# Work request
Each line from the one containing "Planxty: Between The" through the last line of the records is to be repeated exactly, with all pictures left out.

[Saved entries]
-- -- --

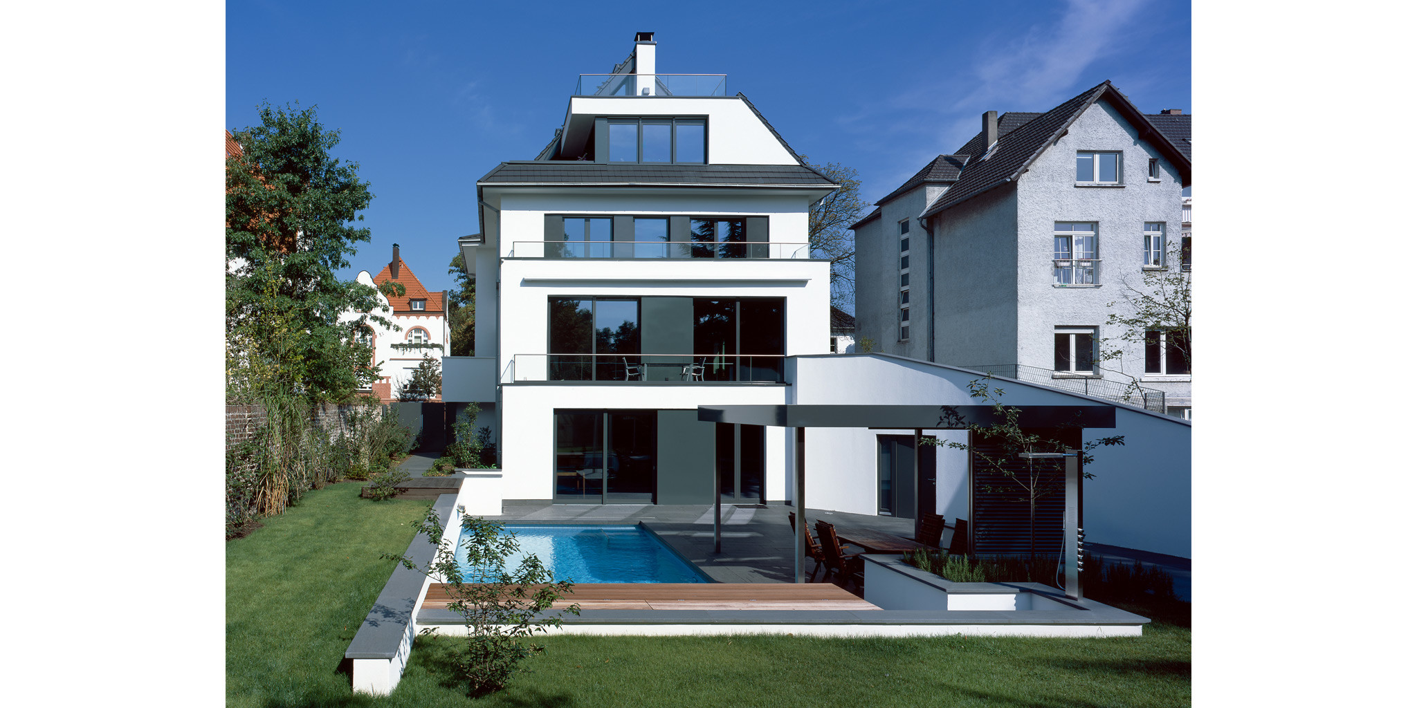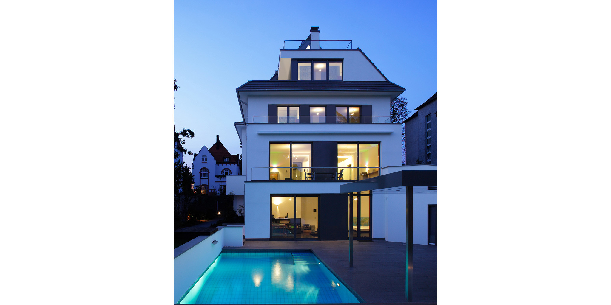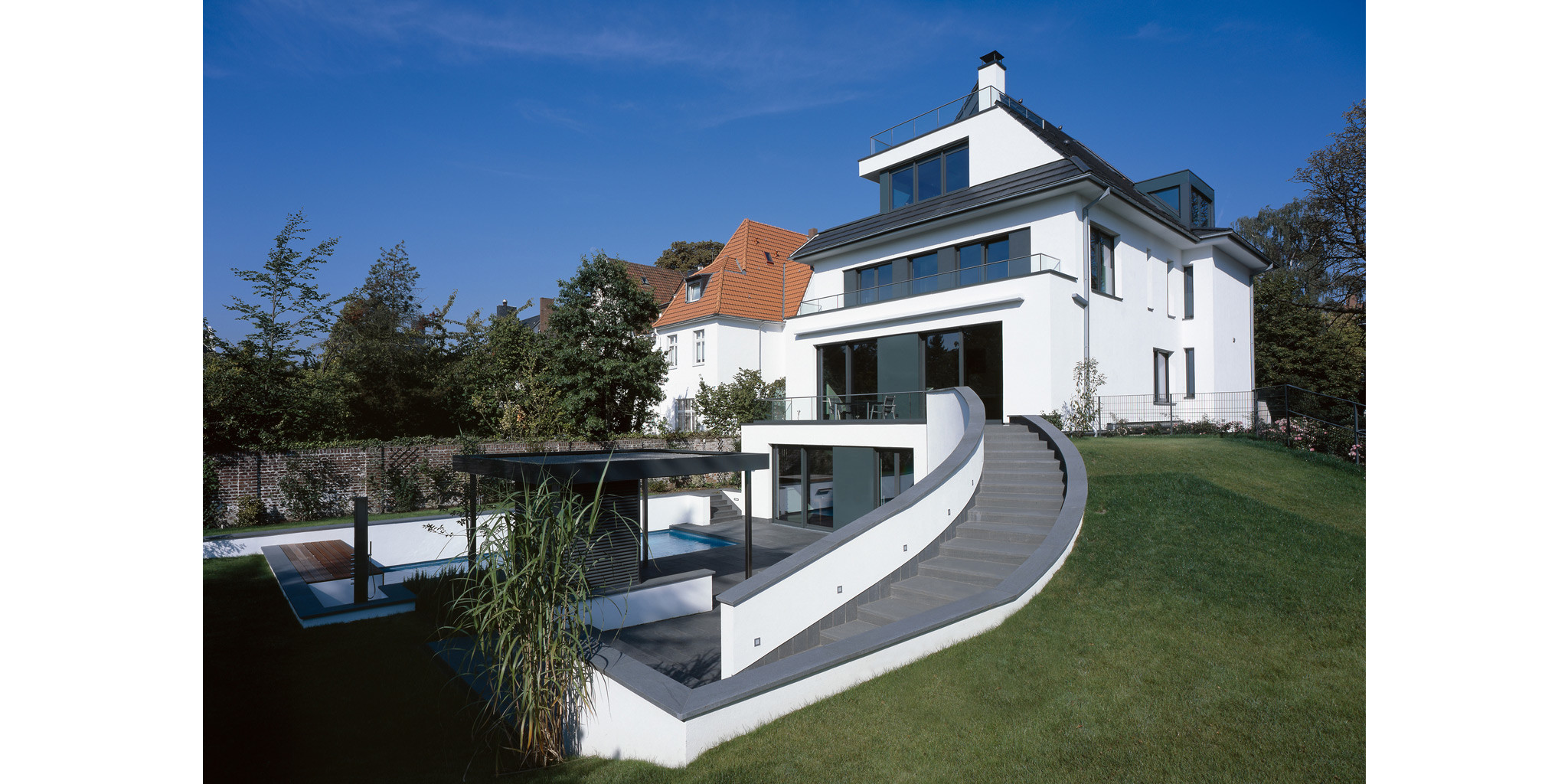 Das ursprüngliche Offizierskasino war nach dem Krieg bereits einfach umgebaut worden. Durch unsere Umplanung im Jahr 2009 verwandelte es sich nun zur modernen Stadtvilla mit Schwimmbad, Einliegerwohnung und Tiefgarage.
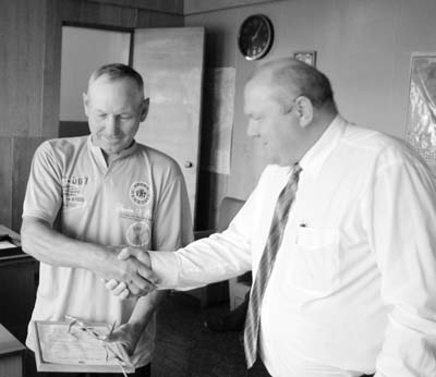 Час прибытия ранний для города, но слишком поздний для села, застать на месте рабочих невозможно. Приходиться ждать виновников торжества, а заодно и нашего приезда – Василия Георгиевича Афанасьева и Владимира Ефимовича Чикалина. А пока можно поговорить с директором предприятия «Джирим – Агро» Павлом Валерьевичем Томчик, человеком открытым, компетентным о видах на урожай, о планах. – Пришли, – докладывает секретарь. В кабинет директора входит небольшая группа. Редко случается, чтобы меня охватила тревога, в то утро она посетила душу. А где Афанасьев и Чикалин? Среди вошедших нет ни одного наряженного, одетого по торжественному случаю мужчины. – Приказ N 113–н Министерства сельского хозяйства Российской Федерации, – зачитывает заместитель главы района Владимир Глущаков, – за многолетний добросовестный труд в системе агропромышленного комплекса наградить Почетной грамотой мастера стройцеха ООО «Джирим–Агро» Василия Георгиевича Афанасьева (на фото).
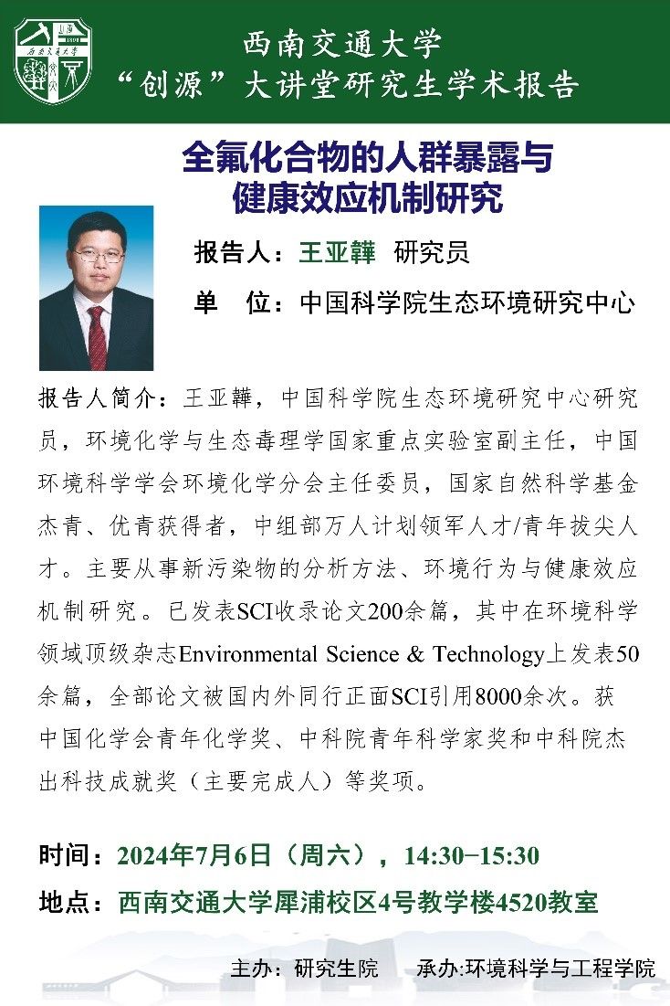 ,在犀浦校区X4520作题为“全氟化合物的人群暴露与健康效应机制研究”的学术报告。
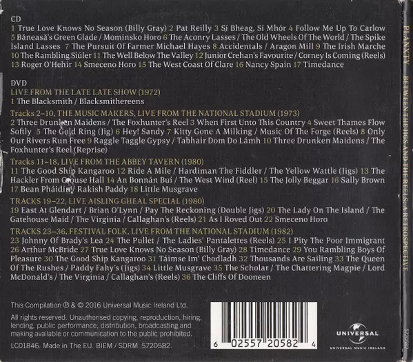Planxty: Between The Jigs And The Reels: A Retrospective versión en CD/DVD en estándar edición. Esta edición en concreto se lanzó en Irlanda en la editorial Universal Music Ireland el día 22. abril 2019. Álbum abarca todos los géneros Folk, World, & Country, Folk y Música celta.
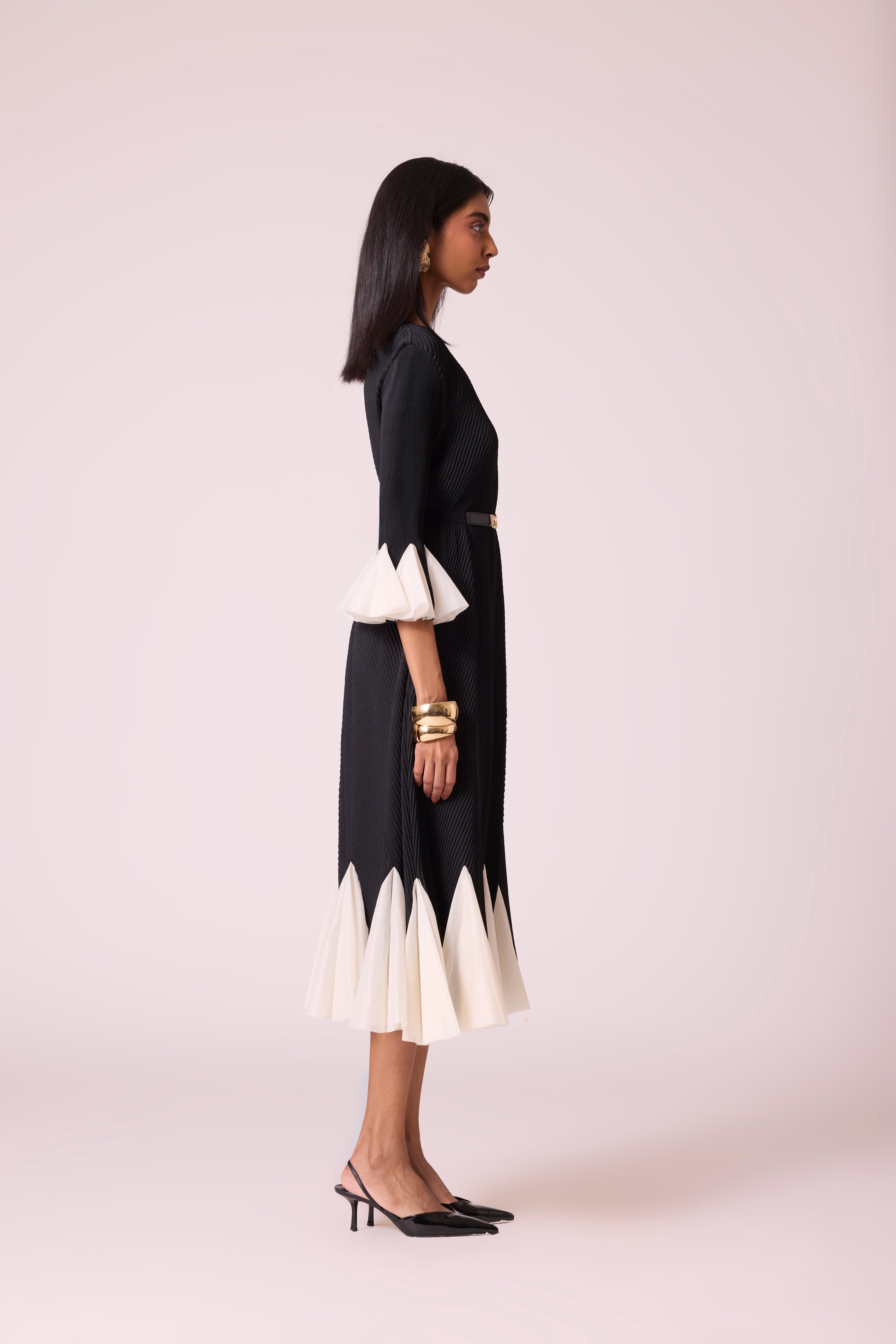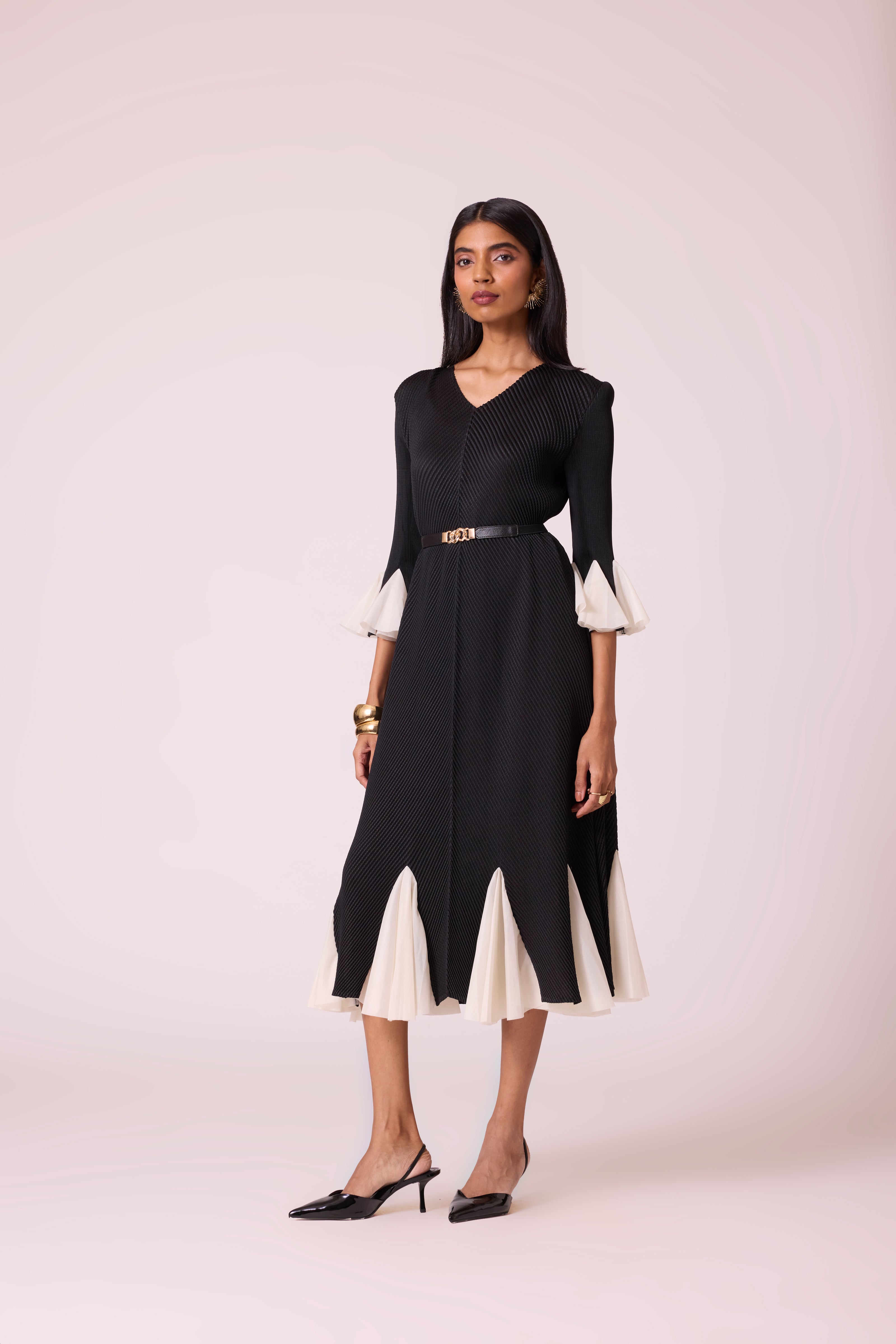 A study in refined contrast, this textured black midi dress features a relaxed A-line cut , a soft V-neckline, three-quarter sleeves, and dramatic ivory godet inserts at the cuffs and hem.
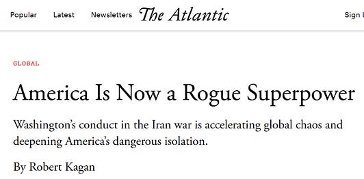 Kagan lui-même a désormais publié une tribune dans The Atlantic qualifiant ouvertement les États-Unis d'État voyou :
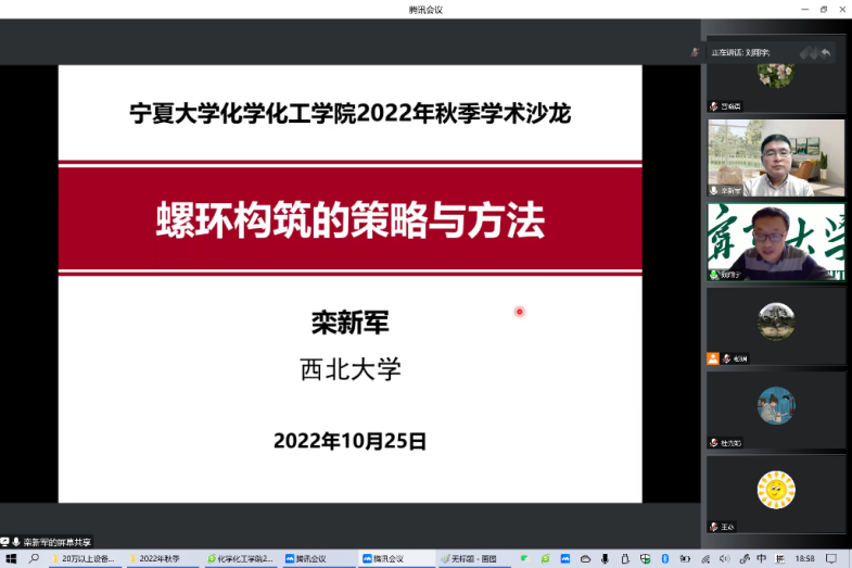10月25日晚7点,香港六合彩资料网站 2022秋季系列学术报告会在线上举行。西北大学化学与材料学学院院长、国家杰出青年基金获得者栾新军教授作了题为“螺环构筑的策略与方法”的学术报告,学院部分师生参加了此次报告,刘翔宇副院长主持报告。
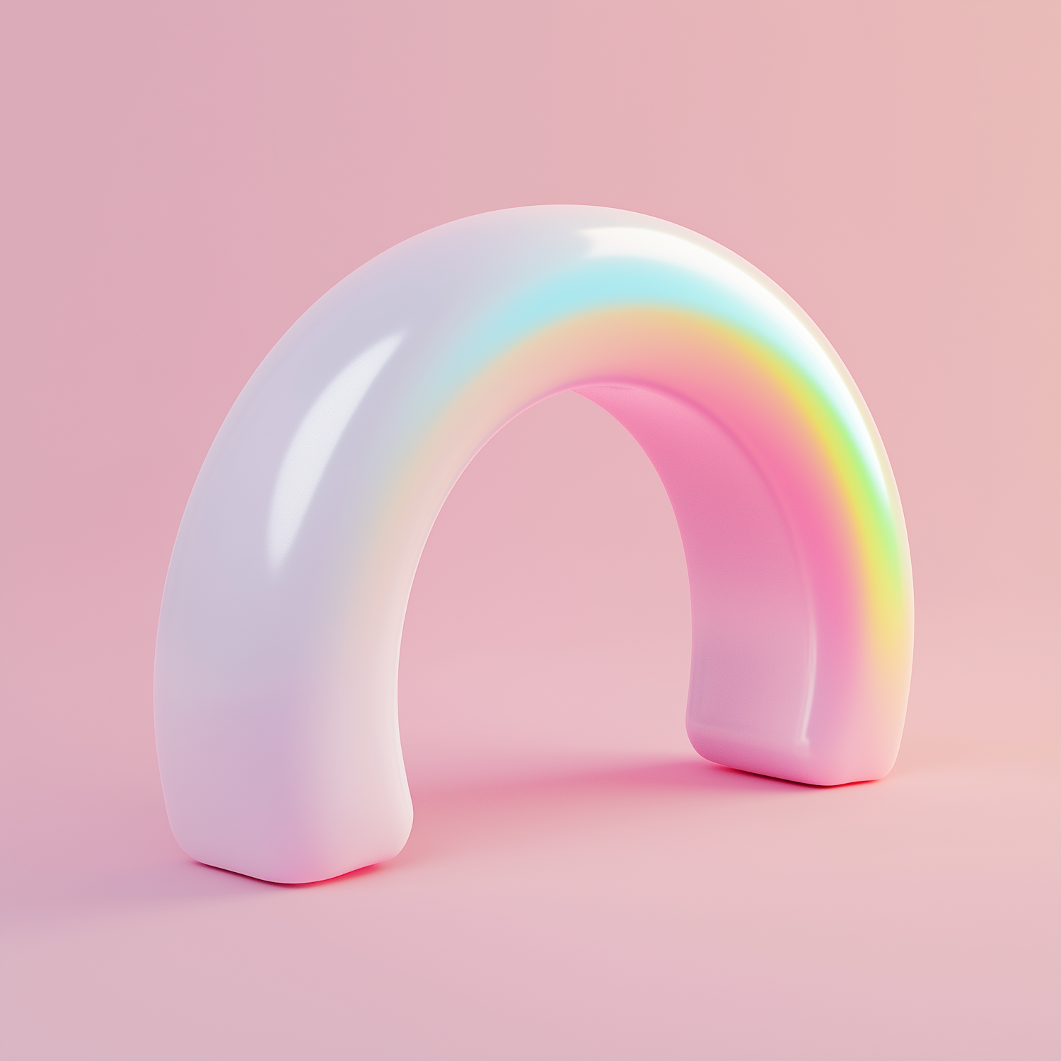 A glossy white arch with a soft rainbow gradient on a pastel pink background, creating a dreamy and minimalist 3D aesthetic.
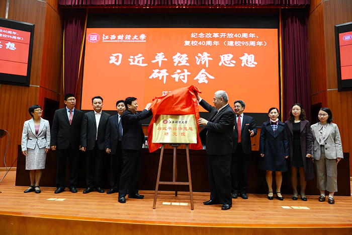 王乔书记在致辞中指出,成人直播 是一所财政部、教育部、江西省人民政府共建的财经类高校,在国内享有良好的声誉和地位,拥有7个一级博士学位授权点。在全国第四轮学科评估中,应用经济学、统计学获评A-等级,工商管理获评B+等级,理论经济学、管理科学与工程、法学获评B等级。成人直播 要充分发挥学科优势,尤其是要加强理论经济学学科建设并发挥其科研优势,集全校之力加强学科联合,以习近平新时代中国特色社会主义思想为指导,加强习近平经济思想研究,科学研判当前经济形势,强化研究重大理论问题,加快形成推动高质量发展的指标体系、政策体系、标准体系、统计体系、绩效评价、政绩考核。率先进行习近平新时代中国特色社会主义经济思想的研究,力争走在全国前列,形成习近平经济思想研究的“江财学派”,为全面建成小康社会、全面建设社会主义现代化强国贡献智慧和力量!随后,王乔书记和洪银兴教授共同为“成人直播 习近平经济思想研究院”揭牌,并为洪银兴教授颁发了研究院顾问聘书。
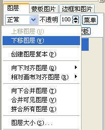 4、分别将两图层下移到灯笼所在图层的下面(点击右下角图层窗口中的“菜单”——“下移图层”)

-- -- --

# Response
Planxty: Between The Jigs And The Reels: A Retrospective versión en CD/DVD en estándar edición. Esta edición en concreto se lanzó en Irlanda en la editorial Universal Music Ireland el día 22. abril 2019. Álbum abarca todos los géneros Folk, World, & Country, Folk y Música celta.
 A study in refined contrast, this textured black midi dress features a relaxed A-line cut , a soft V-neckline, three-quarter sleeves, and dramatic ivory godet inserts at the cuffs and hem.
 Kagan lui-même a désormais publié une tribune dans The Atlantic qualifiant ouvertement les États-Unis d'État voyou :
10月25日晚7点,香港六合彩资料网站 2022秋季系列学术报告会在线上举行。西北大学化学与材料学学院院长、国家杰出青年基金获得者栾新军教授作了题为“螺环构筑的策略与方法”的学术报告,学院部分师生参加了此次报告,刘翔宇副院长主持报告。
 A glossy white arch with a soft rainbow gradient on a pastel pink background, creating a dreamy and minimalist 3D aesthetic.
 王乔书记在致辞中指出,成人直播 是一所财政部、教育部、江西省人民政府共建的财经类高校,在国内享有良好的声誉和地位,拥有7个一级博士学位授权点。在全国第四轮学科评估中,应用经济学、统计学获评A-等级,工商管理获评B+等级,理论经济学、管理科学与工程、法学获评B等级。成人直播 要充分发挥学科优势,尤其是要加强理论经济学学科建设并发挥其科研优势,集全校之力加强学科联合,以习近平新时代中国特色社会主义思想为指导,加强习近平经济思想研究,科学研判当前经济形势,强化研究重大理论问题,加快形成推动高质量发展的指标体系、政策体系、标准体系、统计体系、绩效评价、政绩考核。率先进行习近平新时代中国特色社会主义经济思想的研究,力争走在全国前列,形成习近平经济思想研究的“江财学派”,为全面建成小康社会、全面建设社会主义现代化强国贡献智慧和力量!随后,王乔书记和洪银兴教授共同为“成人直播 习近平经济思想研究院”揭牌,并为洪银兴教授颁发了研究院顾问聘书。
 4、分别将两图层下移到灯笼所在图层的下面(点击右下角图层窗口中的“菜单”——“下移图层”)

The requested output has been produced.